Former Mongolian Prime Minister Sukhbaatar Batbold was also included, back when he was the director of a Mongolian goldmining company which used the Bahamas as an offshore address.
In addition, German property developer Cem Kinay was also listed. Kinay is wanted by Interpol for bribery, and is accused of making a potentially corrupt payment to Michael Misick, the former premier of the Turks and Caicos Islands.
Three of Canada's biggest banks were also on the list. According to the leak, RBC registered 847 companies between 1990 and May 2016, while CIBC registered 632 and Scotiabank registered 481.
Lack of transparency
The Bahamas has long been on the radar of tax officials and governments around the world. In June 2015, the European Union placed it, along with 30 other countries, on a list of un-cooperative tax havens.
In 2000, the Paris-based Organization for Economic Co-operation and Development (OECD) – the world's leading tax policy forum – placed the Caribbean nation on a blacklist of countries that aid tax dodging.
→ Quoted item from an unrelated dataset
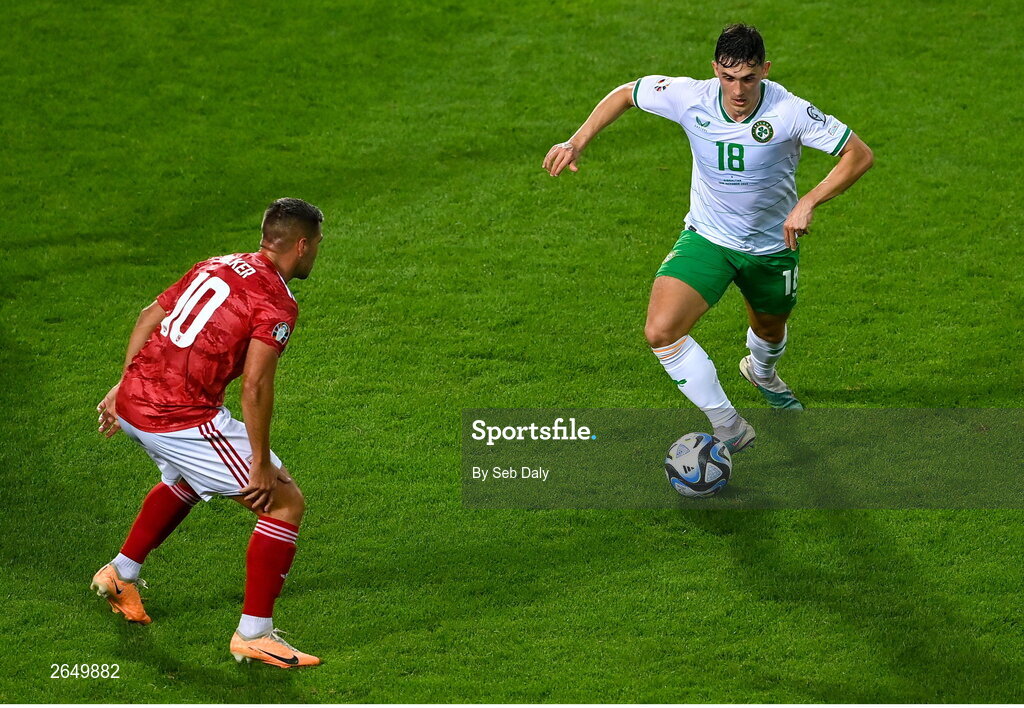 16 October 2023; Jamie McGrath of Republic of Ireland in action against Liam Walker of Gibraltar during the UEFA EURO 2024 Championship qualifying group B match between Gibraltar and Republic of Ireland at Estádio Algarve in Faro, Portugal. Photo by Seb Daly/Sportsfile

It was removed from the list the following year, after it rushed through nine new laws.
However, the Bahamas was placed on the OECD's ‘gray list’ in 2009, a less severe category which “nonetheless signified nonconformity with international standards,” according to the ICIJ.
The Bahamas also emerged as a common thread in the US Department of Justice's crackdown on Swiss bank UBS. The department took criminal action against numerous US citizens with offshore dealings in the Bahamas between 2009 and 2014.
But money-laundering and tax probes in the Bahamas often hit a wall, as many directors listed on company files are simply “nominees” – front people or firms that disguise the real operators, according to the ICIJ.
And although Bahamian law requires the names of directors to be filed with the national registrar, those names are not always available online – and directors' names cannot be searched individually or without pre-existing knowledge of the Bahamian company's name. Thus, it is incredibly difficult to check whether a public official or corporate executive is linked to companies chartered in the Bahamas.
The government of the Bahamas told the ICIJ, however, that it “does not tolerate dirty money,” and that it “has in many areas been rated as ‘largely compliant’ with international standards.”